• **RECORDED INFORMATION**
# # # # #

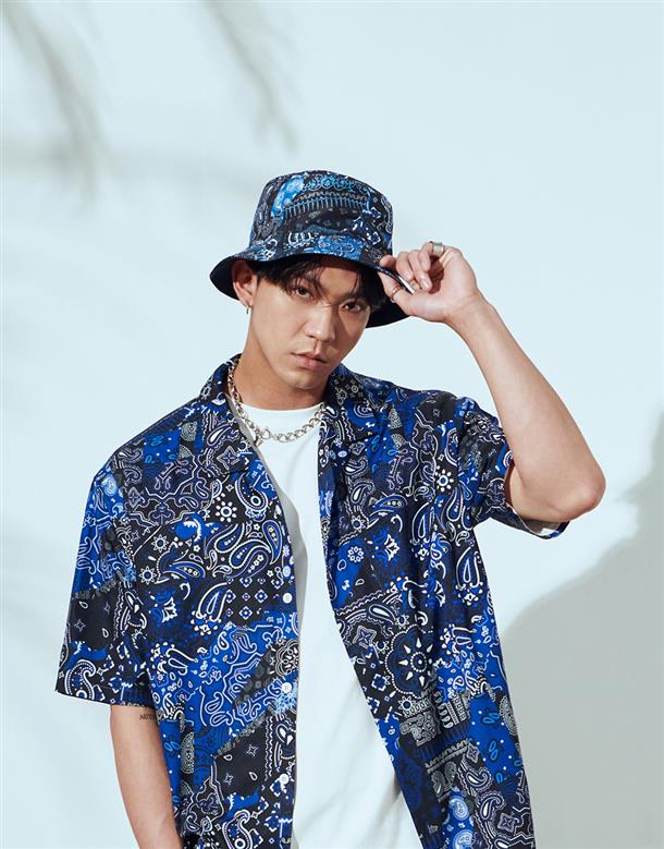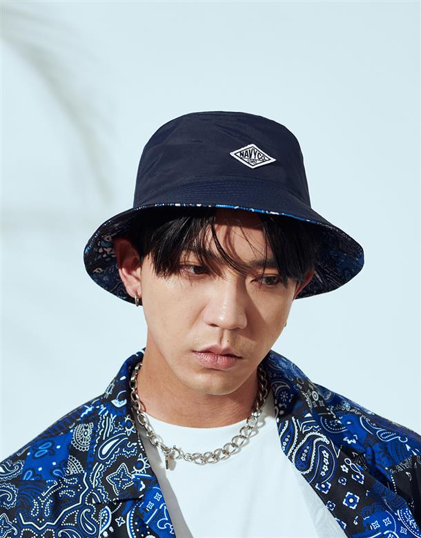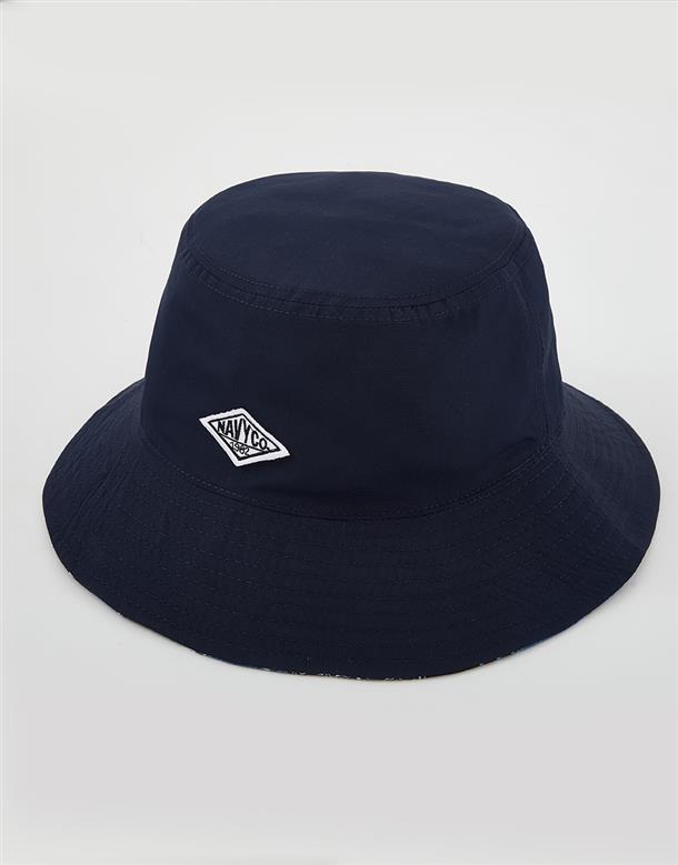 雙面戴 NAVY 夏季高質感滿版印花短版漁夫帽。
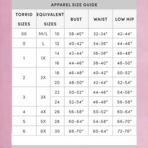 TORRID Size 1=1X 16-18 Oversized Bust: 54" & Length: 29". A 2X & 3X Woman could fit this as well. All measurements are Approximate and taken laying flat. The color is Dark Teal.
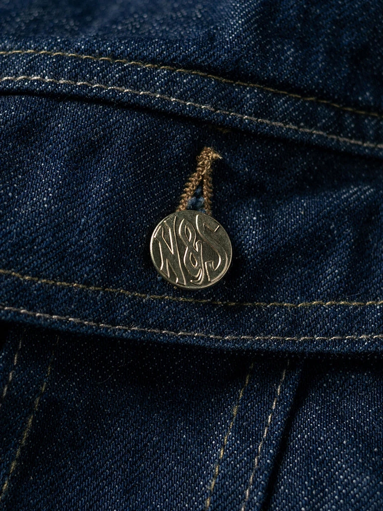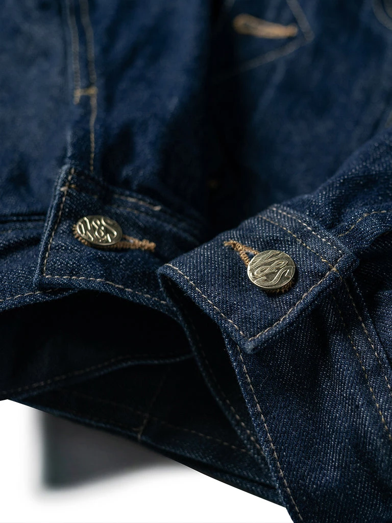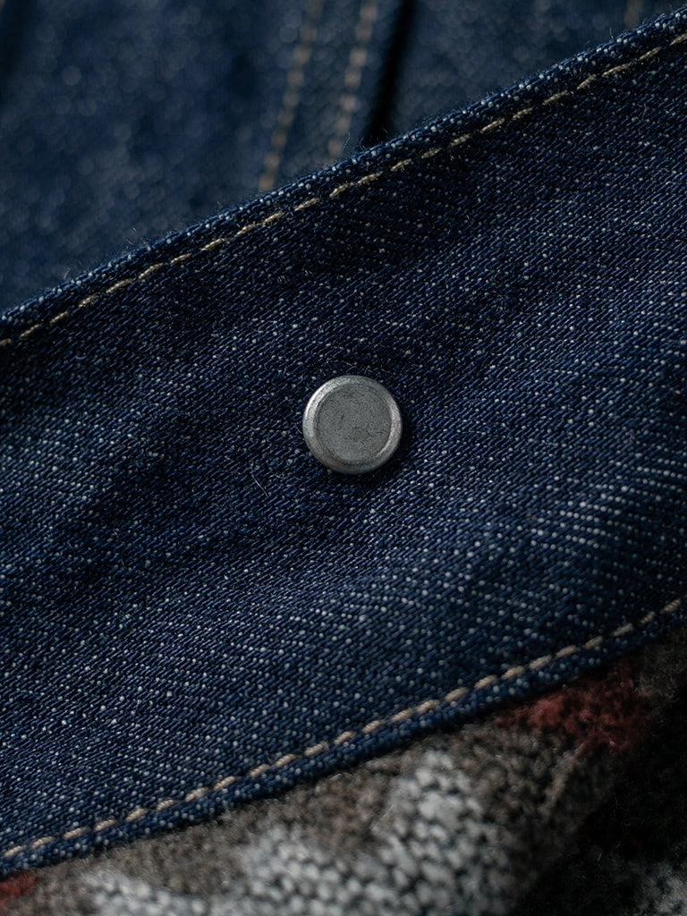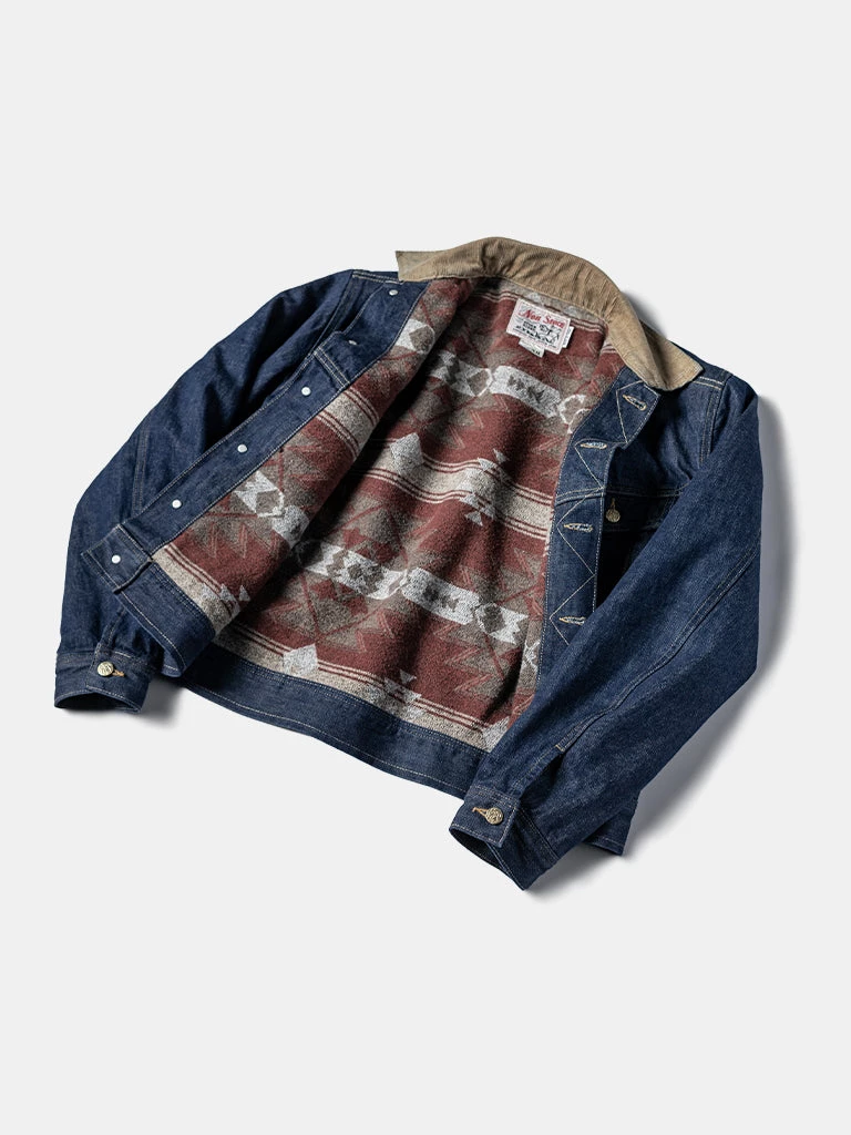 This denim jacket uses the traditional ring spinning fabric, with a soft and comfortable texture, and uses indigo dyeing. The lining uses the American Indian style woven blanket cloth, the same cut as the original, the spirit is able. To use NON STOCK new brass cowboy buckles. The jacket hem adjustment buttons are natural corozo buttons.

# # # # #

• **TO DO**
Without the pictures, write out the whole listing above exactly as it appears.

• **RESPONSE**
 雙面戴 NAVY 夏季高質感滿版印花短版漁夫帽。
 TORRID Size 1=1X 16-18 Oversized Bust: 54" & Length: 29". A 2X & 3X Woman could fit this as well. All measurements are Approximate and taken laying flat. The color is Dark Teal.
 This denim jacket uses the traditional ring spinning fabric, with a soft and comfortable texture, and uses indigo dyeing. The lining uses the American Indian style woven blanket cloth, the same cut as the original, the spirit is able. To use NON STOCK new brass cowboy buckles. The jacket hem adjustment buttons are natural corozo buttons.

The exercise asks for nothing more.